实现一个GPU压缩纹理的GLTF扩展

缘由

很早之前就听公司的WebGL同时调研过GPU压缩纹理，我之前也做过一些调研，发现有basis_universal工具可以实现快速的uastc、etc1s快速transcode到对应平台所支持的压缩纹理格式，但是由于wasm体积和loader等js体积过大而没有使用。后面发现有更轻量的transcode实现，所以想利用起来。

探索

Basis-Universal-Transcoders是由KhronosGroup所使用AssemblyScript编写，相比于basis 220+kb的wasm，十分轻量，但是缺点是所支持的transcode的格式少，只有3种，还有开发不算太活跃。

实现一个GPU压缩纹理的GLTF扩展

后面了解到LayaAir的压缩纹理使用方案则是相对简单粗暴，ios使用pvrtc, 安卓etc1, 其他则是png/jpg。加上之前实现过hdr-prefilter-texture, 同样的思路也可硬应用到压缩纹理上面。

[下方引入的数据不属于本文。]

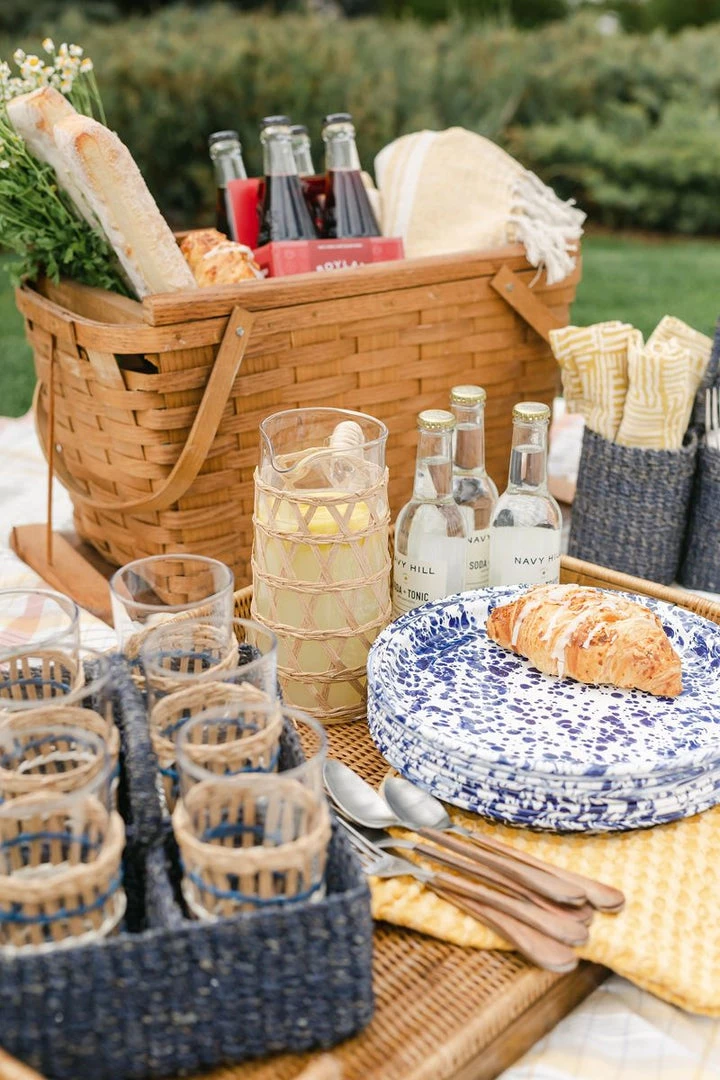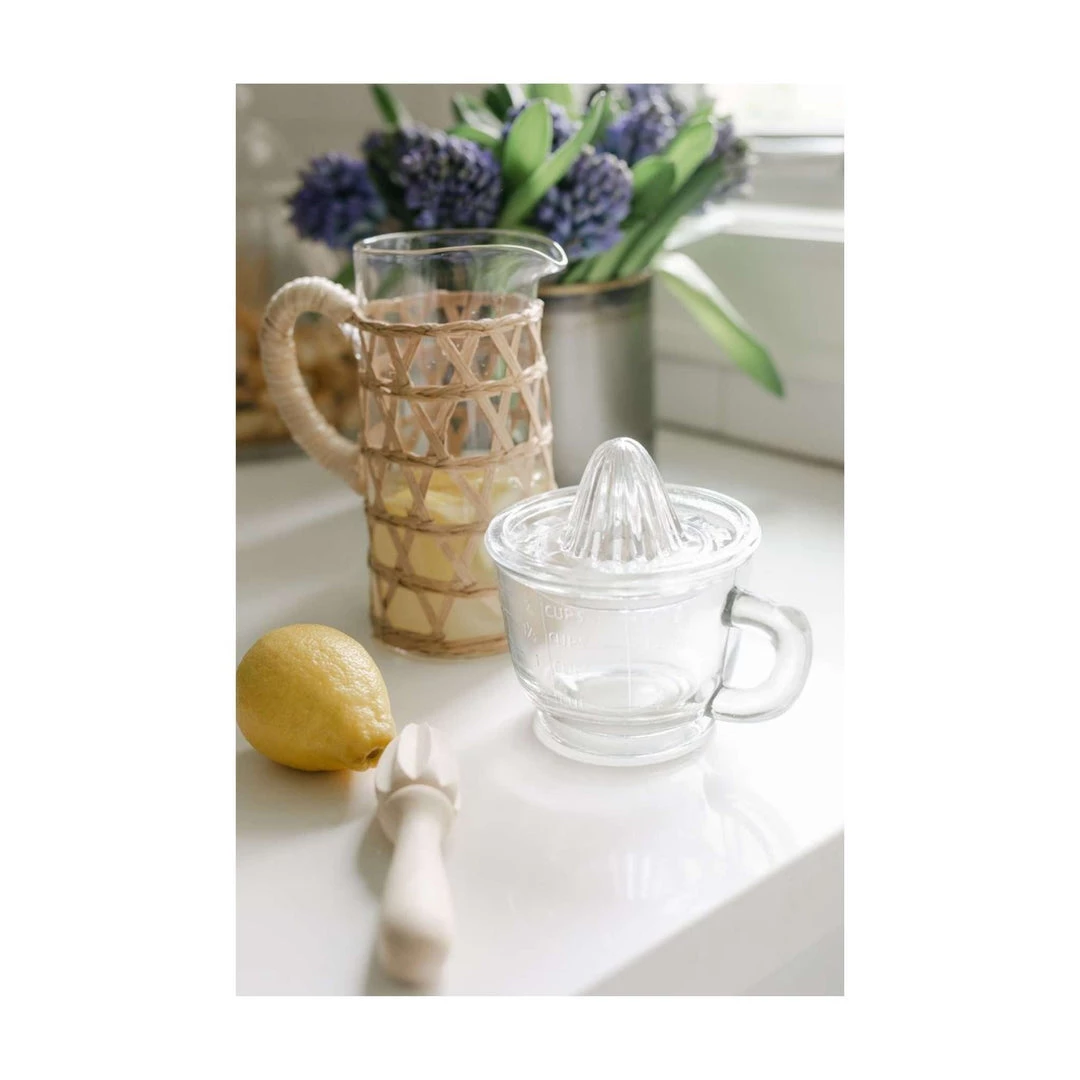 This stunning hand blown glass pitcher is wrapped in paper twine giving it a unique and chic look.

各种需要runtime处理的均可以预处理，runtime只需要加载预处理后的产物即可

所以就有这个这个GPU压缩纹理扩展，把basis transcode产出存储起来，runtime根据所支持的格式下载对应预处理后的格式。

前置知识

GLTF结构

既然目标是GLTF扩展，就需要了解GLTF格式。

实现一个GPU压缩纹理的GLTF扩展

asset: 描述GLTF格式版本信息
extensionsUsed：告诉parser需要一下扩展，才能解析GLTF
其他的和关系型数据库的表有点类似，不过使用下标来进行关联，比如：

GLTF扩展

简单了解了GLTF的信息关联方式后，则可以着手了解GLTF扩展如何编写。需要实现GLTF扩展也可以理解为是一个降级扩展，和google所实现的EXT_texture_webp, 相当类似。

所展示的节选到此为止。